SNIP – sniff nasal inspiratory pressure –this measures the inspiratory ability of the patient. A bung is placed in one nostril, and a pressure probe in the other. The patient is then required to take a deep breath, and the inspiratory pressure is measured

• pressure <40cm H₂O is associated with a medican survival of 6 months. Pressure <30cm H₂O is associated with a median survival of 3 months
• All respiratory function tests are less reliable in bulbar palsy patients, as these patient may have difficulty controlling their mouth, and this can affect the pressure readings – however, SNIP is usually still acceptable.
  • Respiratory function tests and SNIP are usually performed at out-patient clinic follow-ups to assess disease progression

NIV – non-invasive ventilation – is used in patients with decreased respiratory function. It improves quality of live and can lengthen life—expectancy.

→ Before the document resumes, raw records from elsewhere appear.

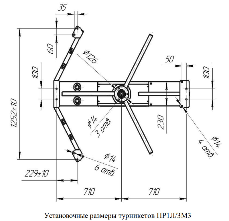 Турникет состоит из следующих частей: стойка крыла прохода 1, стойка ограничения прохода 2, которые крепятся к полу анкерными болтами. К стойкам фронтально крепится рама привода 3. На площадки рамы устанавливается механизм 4. На валу механизма закреплена эластичная муфта, к фланцу которой крепится верхний фланец центральной стойки. Центральная стойка состоит из трех лопастей 5, которые скрепляются между собой и крепятся к верхнему и нижнему фланцам. Нижний фланец закреплен к валу опоры центральной стойки 7.
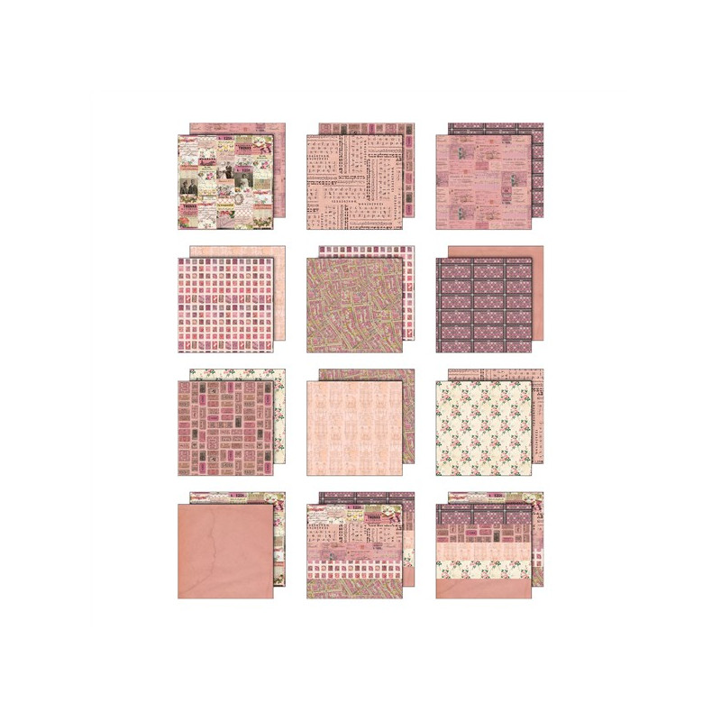 Questo kit è composto da 12 fogli double-sided in stile vintage. Toni rosa
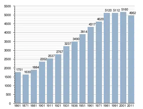 في سنة 1861 بلغ عدد السكان 1٬751 نسمة، وتطور العدد ليصل في سنة 2011 لـ 4٬962 نسمة.
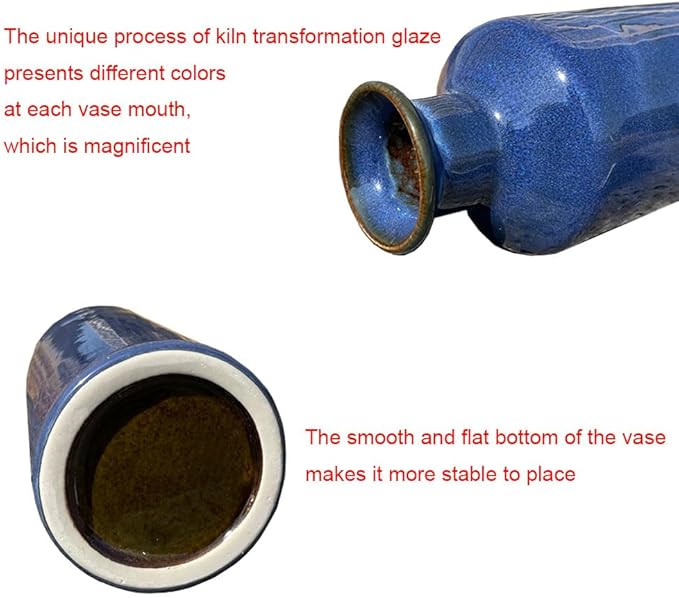 - Advantages: This vase uses kiln enamel technology, and each one has a unique and exquisite pattern, which is very beautiful bright glaze color๏ผBlue๏ผ,you can use it on its own as a beautiful piece, or add faux flowers, stems, bouquets and greens for a pop of color. Office Use, Living Room Decoration, Fireplace, Bathroom, Laundry Room, Coffee Table, Restaurant, Shops, Ideal Book Shelf Decor, Flower Arrangement Decoration ShootingProps, Ceramic Simple Vase, Modern Farmhouse Decor, Wonderful table centerpieces for Wedding, Graduation, Party.
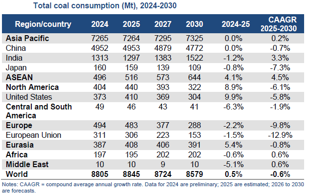 Coal 2025 – the latest annual market report from the International Energy Agency (IEA) – explores key developments in the global coal sector. Drawing on the latest data, it analyses recent trends and provides forecasts through 2030 for coal demand, supply and trade. Table below captures IEA estimates / forecasts for total coal consumption from 2024-30
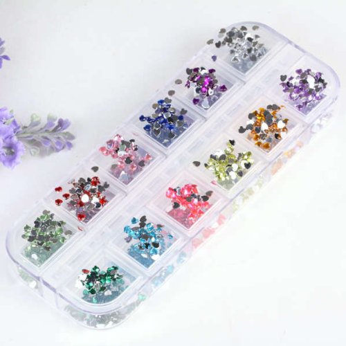 Yesurprise 3000 Pcs Plastic Nail Art Heart Hollow Set Slices 12 Colors
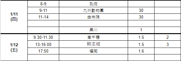 → snowrei : 九州沒甚麼記憶點?行程沒有別府、熊本、阿蘇等等 11/09 08:36
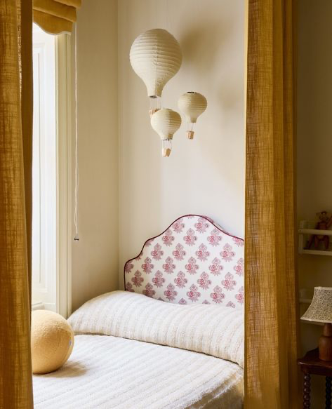 Love this room design, as it is suitable for kids but also for teenagers. The headboard is adding so much depth and character, while the curtains matching the blinds just make the space perfectly tied together. The floating hot hair balloons blending in with the wall color just add that unique touch.
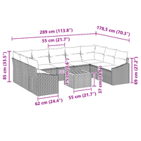 10 Piece Garden Sofa Set with Cushions Black Poly Rattan Acacia
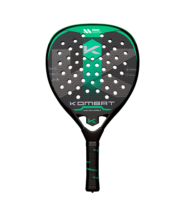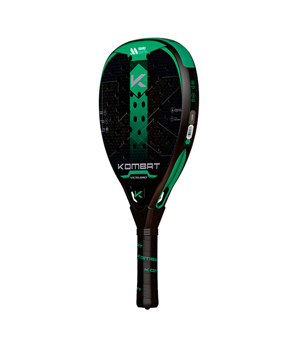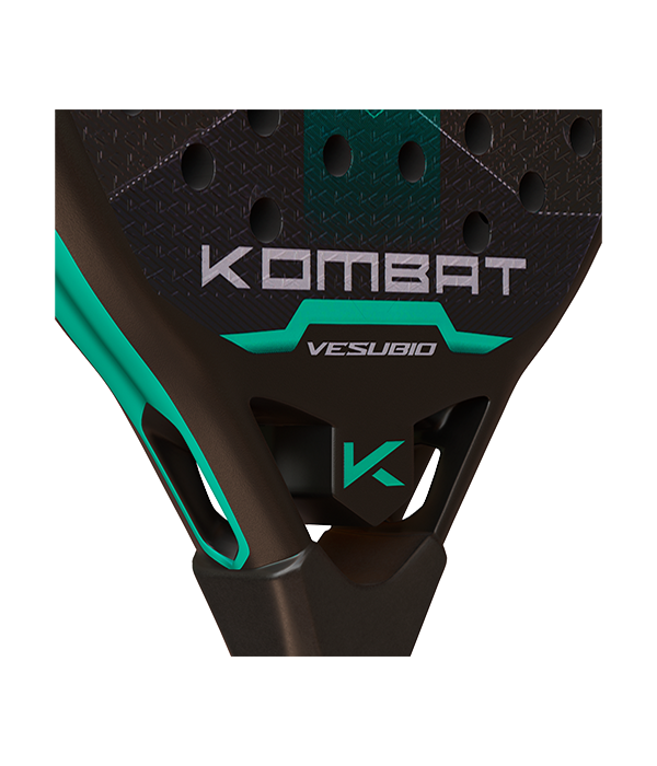 Pala Kombat Vesuvio 2025, una de las palas para jugadores que prefieren un tacto más blando. Esta pala cuenta con un molde en forma de diamante, diseñado para proporcionar un balance alto que favorece la potencia. El tubular de 100% fibra de carbono asegura una estructura ligera y resistente, mientras que los planos de carbono tridimensional (3D) aportan una mayor consistencia y durabilidad

• It is typically provided in the form of BiPAP – a biphasic pressure is applied via face mask. CPAP may be used in some patients, but is not as effective.
• Compliance is reduced in patients with bulbar symptoms.
• Initially, therapy may only be used at night. As the disorder progresses, patients may require 24h assistance.

Feeding

• As bulbar and pseudobulbar palsies develop, swallowing may become especially difficult. The most common form of supplemented feeding is RIG (Radiologically inserted gastrostomy). This is performed as an inpatient procedure. Patients can continue to eat normally, and initially may only use the tube as a supplement, however, as the disease continues, they become more reliant on the tube.
• Clinicians are usually keen to have the RIG procedure performed as early as possible. The risks associated with the procedure increase as the patient loses weight – which is an obvious complication of dysphagia.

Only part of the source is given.